The origin of peer review dates back to 1752, when the Royal Society of London obtained the fiscal responsibility for the Philosophical Transactions [2]. There are few historical accounts of the evolution of editorial peer review [3]. Today, specialized research on the peer review system is only just starting to emerge and has been the topic of four world congresses [4–7]. This type of research focuses—amongst many other issues—on themes as whether or not masking the identity of authors to reviewers influences the reports of reviewers and whether or not anonymity of reviewers is a relevant topic [4–7].
Previous reports on the editorial process of Radiology [8] and the Journal of Clinical Investigation [9], have indicated that reviewers set markedly different standards in their appreciation of manuscripts. The concordance between reviewers on identical manuscripts is limited [9]. The fact that in the social sciences published papers have an almost 90% chance to be rejected when resubmitted to other journals casts doubt on the validity of the peer review system [10]. Such data are to our knowledge not available for the biomedical sciences. However, there is circumstantial evidence that peer review can successfully discriminate between manuscripts that have a greater chance to be cited in the future. Thus, Wilson showed that papers rejected by the Journal of Clinical Investigation were cited at lower frequency if published by other journals [11]. Manuscripts rejected by Cardiovascular Research were also cited at significantly lower frequency, even if published by journals with a higher impact factor [12].

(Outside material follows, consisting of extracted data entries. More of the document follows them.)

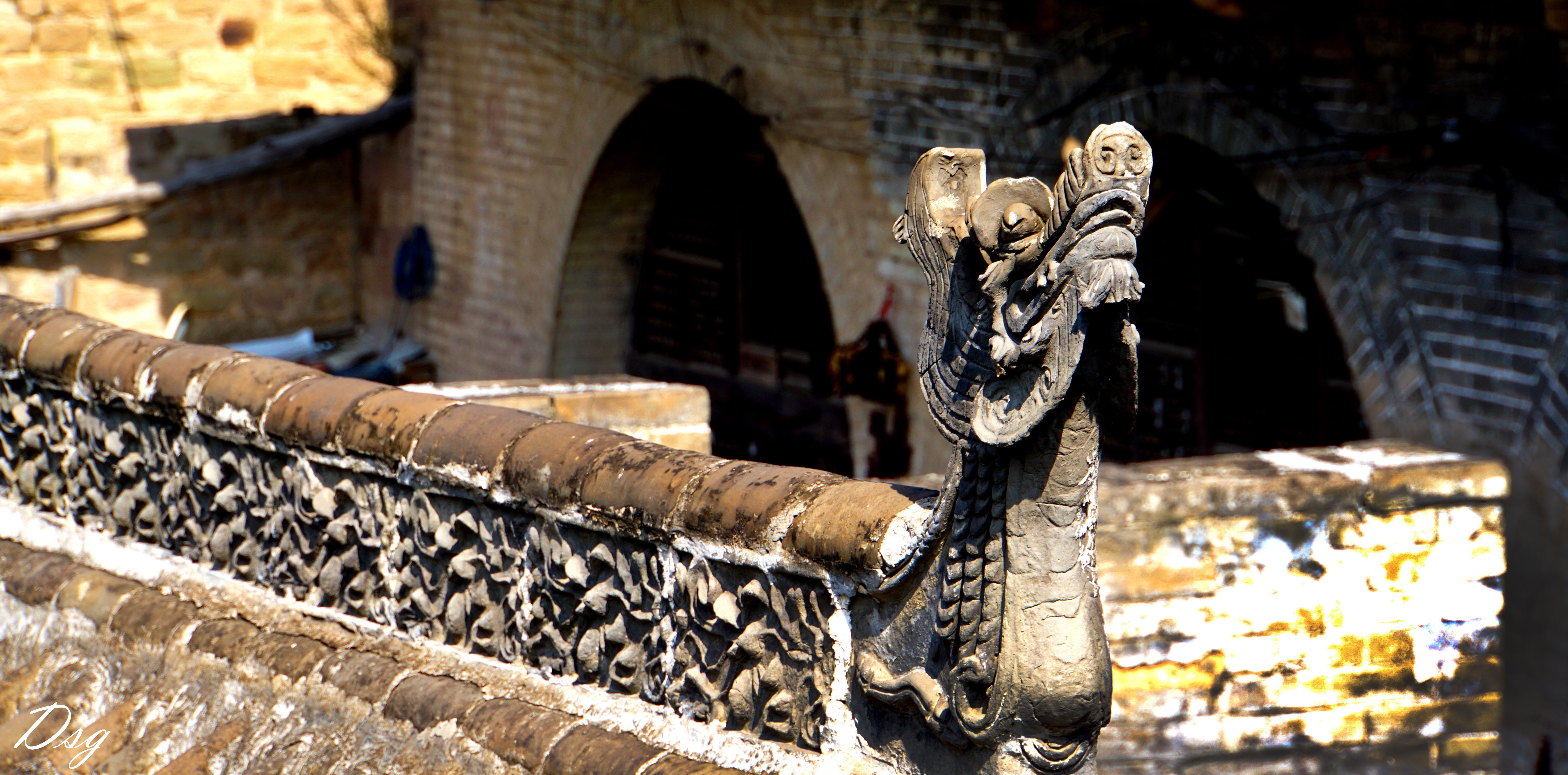 碛口镇还有一个西湾村,这也是个窑洞楼房村。不过靠近镇街,所以窑洞建筑更多地运用砖木,也讲究一些。你看那龙头龙身屋脊,有多精致!有一个三层窑洞大院,第三层用砖砌了两小间,称为小姐房。那个时候,老财想要让女儿们远离凡尘呢!
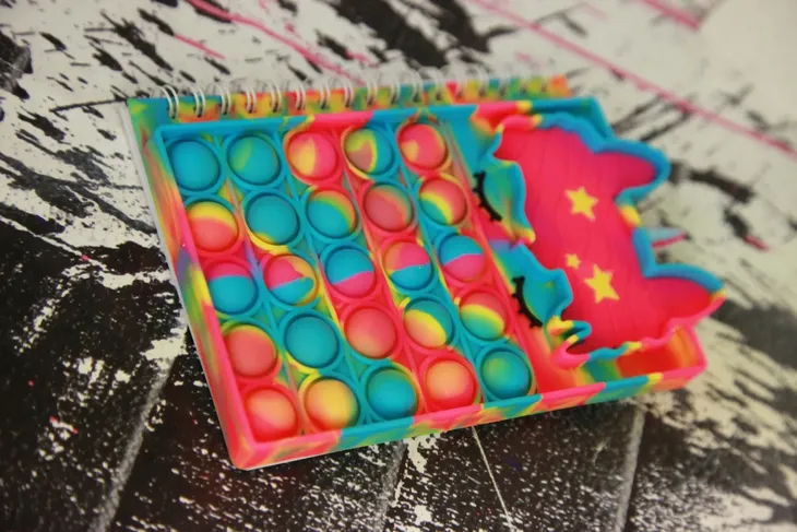Okładka notesu w formie zabawki sensorycznej, która pomoże się odprężyć i zrelaksować.
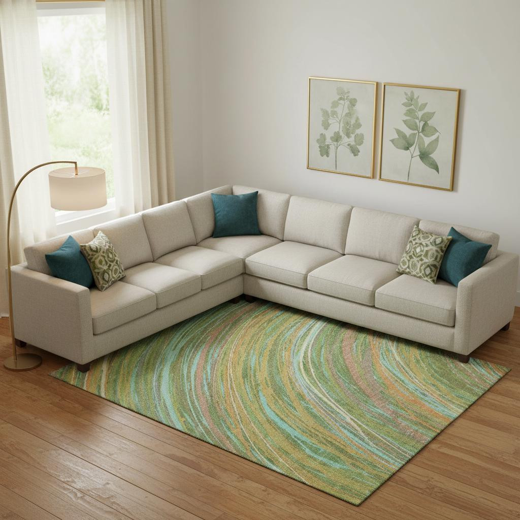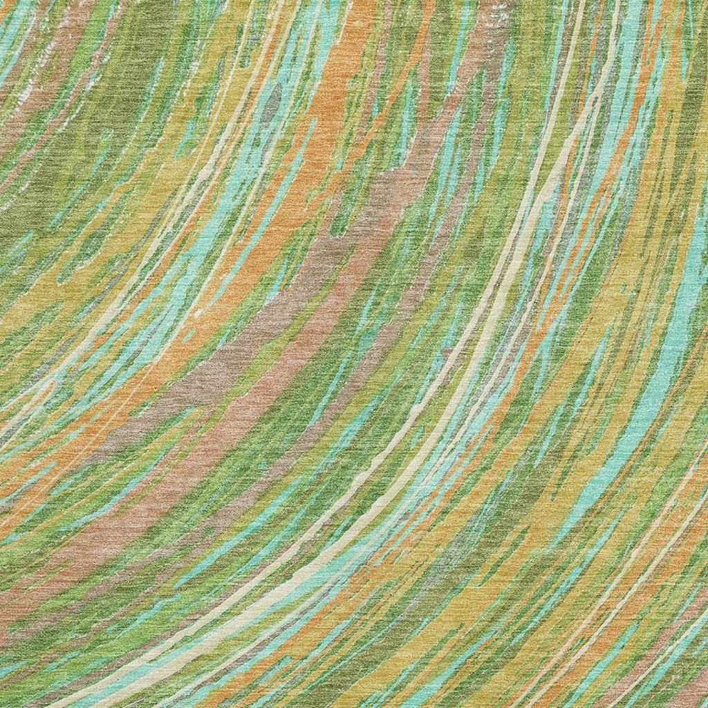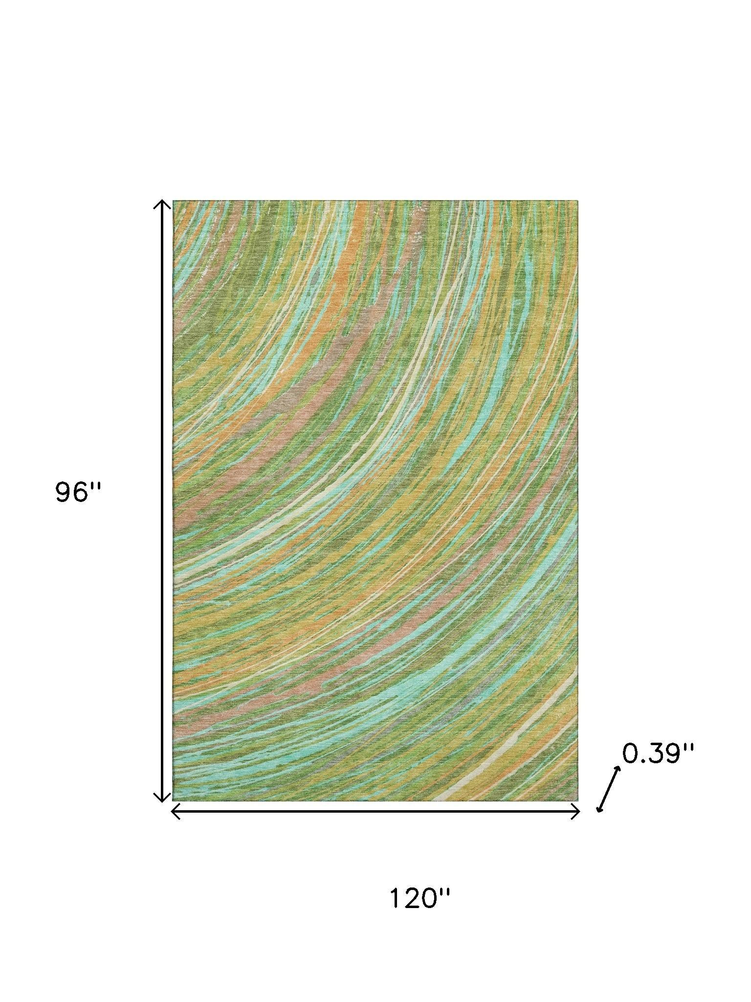 This 8-foot x 10-foot green and peach abstract washable area rug with uv protection, is a great way to add warmth to a room. Ideal for spaces with kids and pets, this rug is stain resistant to help repel dirt and spilled liquids. Built to last, this rug crafted from polyester fibers is known for its durability and long lasting appeal. Rugs are a great way to showcase your style, hide imperfections, warm your home and reduce noise. This larger sized, transitional styled rug is ready to create a focal point or statement piece in your room. 96.00-inch h x 120.00-inch w x 0.39-inch d.
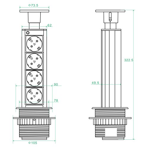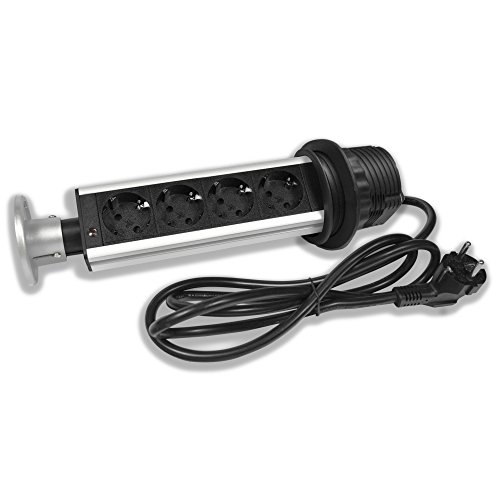 Elbe EL1804S, Presa da tavolo a scomparsa, Multipresa con 4 Prese Tedesche, Spina Tedesca, copertura cromata, cavo di 1.5 m
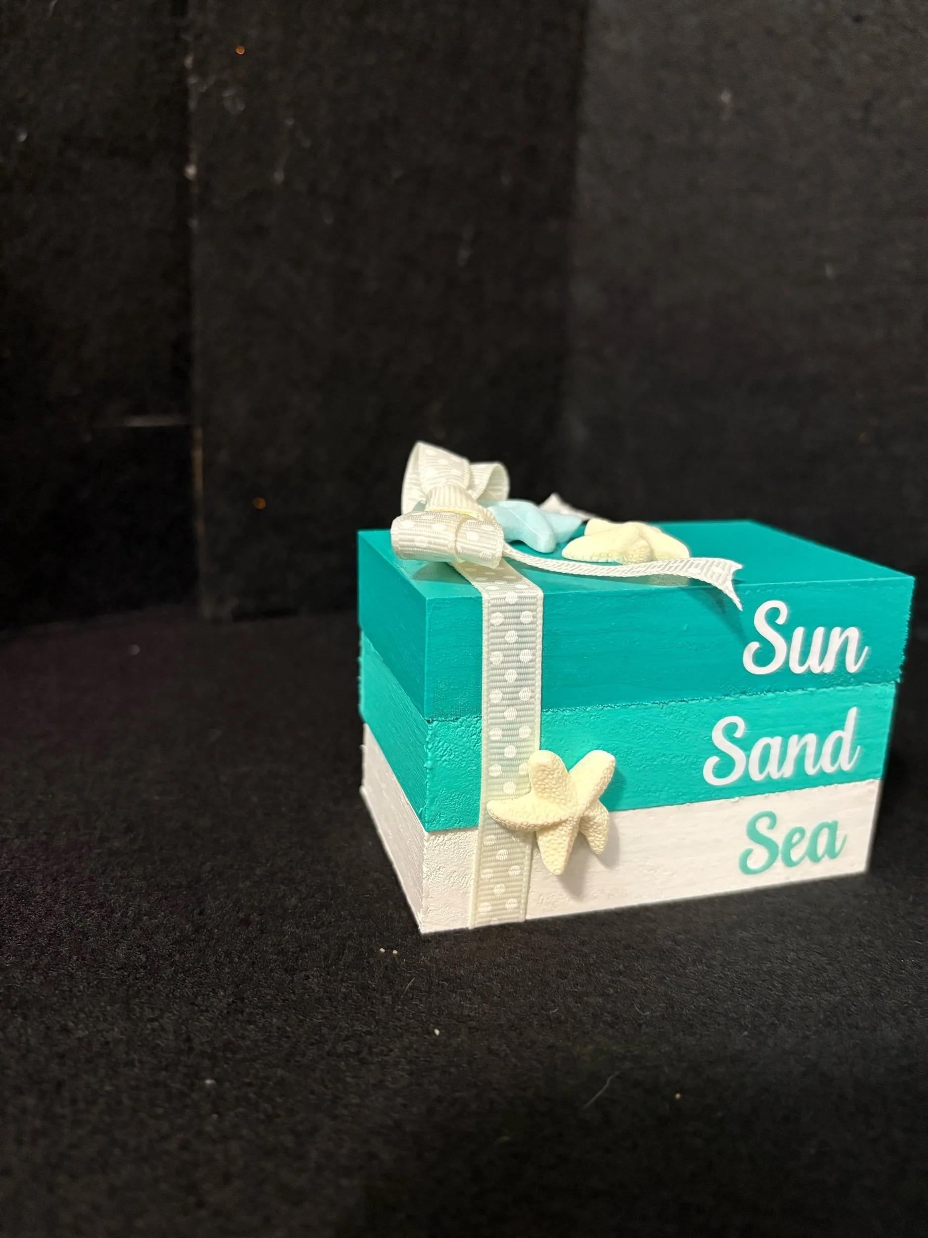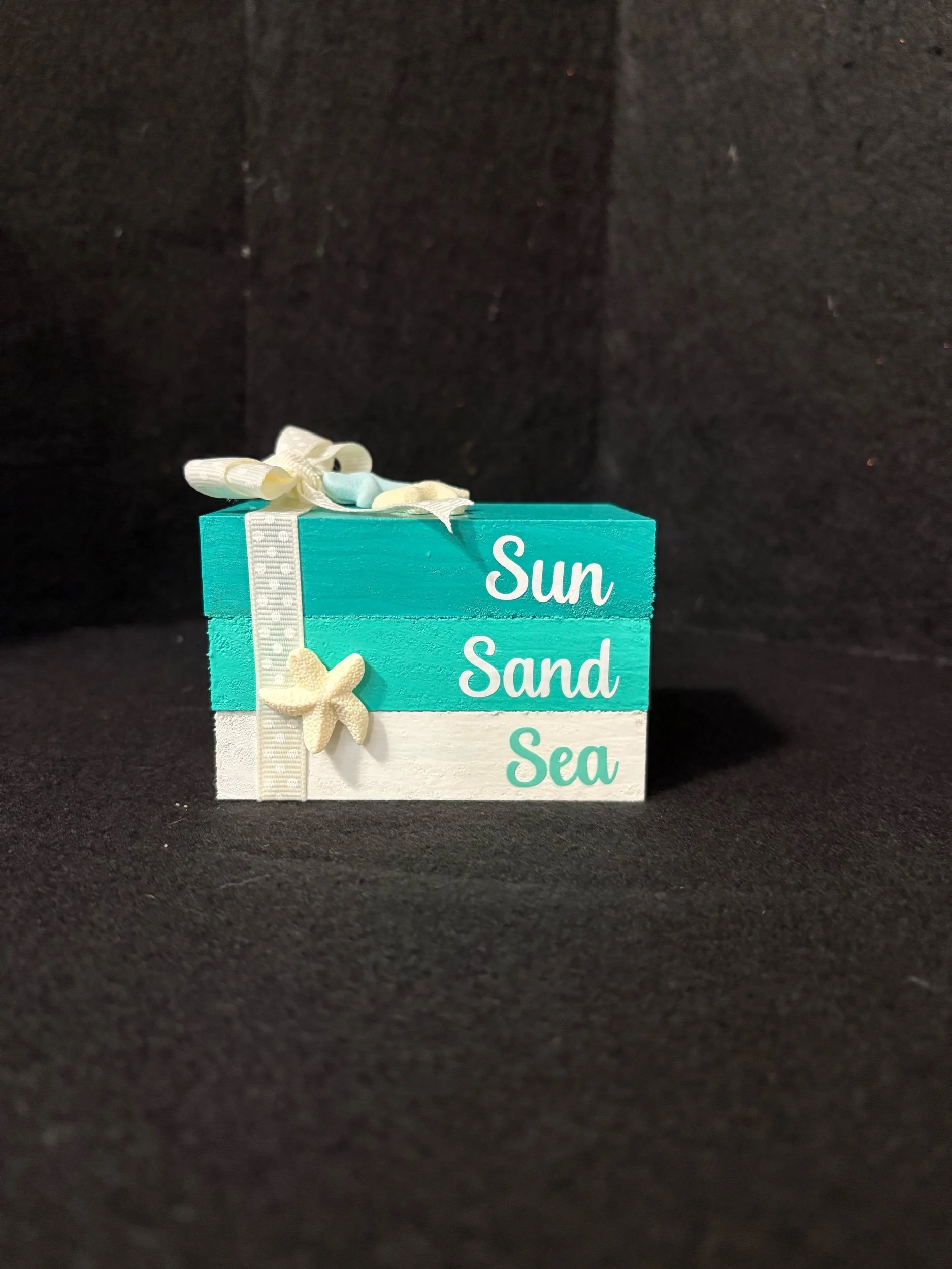 Drift away with this charming trio of tiny wooden books, inspired by sunlit shores, soft sands, and salty sea breezes. Handcrafted with love, it’s the perfect coastal touch for your shelf, tiered tray, or beach-lover’s heart. Pocket-sized paradise!

Although there are clear indications that peer review can help selecting papers with a high scientific quality (if citation of papers is accepted as a parameter for scientific quality), this does not exclude bias in the process. Gender bias has been demonstrated in the peer review process of the Journal of the American Medical Association, although it was said not to have influenced the acceptance rates for male and female corresponding authors [13]. Peer review of grant proposals, however, appeared substantially biased by gender at the disadvantage of females [14].
Link [15] studied all original submissions to Gastroenterology in 1995 and 1996. It appeared that reviewers from the USA had a preference for manuscripts from the USA compared to reviewers from outside the USA. Such a difference was not seen for manuscripts outside the USA. Because the credibility of the peer review system seems pivotal for the (scientific) society we analyzed the material submitted to Cardiovascular Research between 1 October 1997 and 1 January 2002. More specifically, we analyzed (i) the predictive power of reviewer's priority recommendations for future citation, (ii) the predictive power of editor's ratings for future citation, (iii) concordance between reviewer's priority recommendations and editor's ratings and (iv) the occurrence of geographical bias.
We demonstrate that both (i) reviewer's recommendations and (ii) editor's ratings are positively correlated with citation, (iii) high editor's ratings in combination with high reviewer's priority recommendations are the strongest predictor for frequent citation. Finally, we demonstrate that geographical bias plays a role in the peer review process.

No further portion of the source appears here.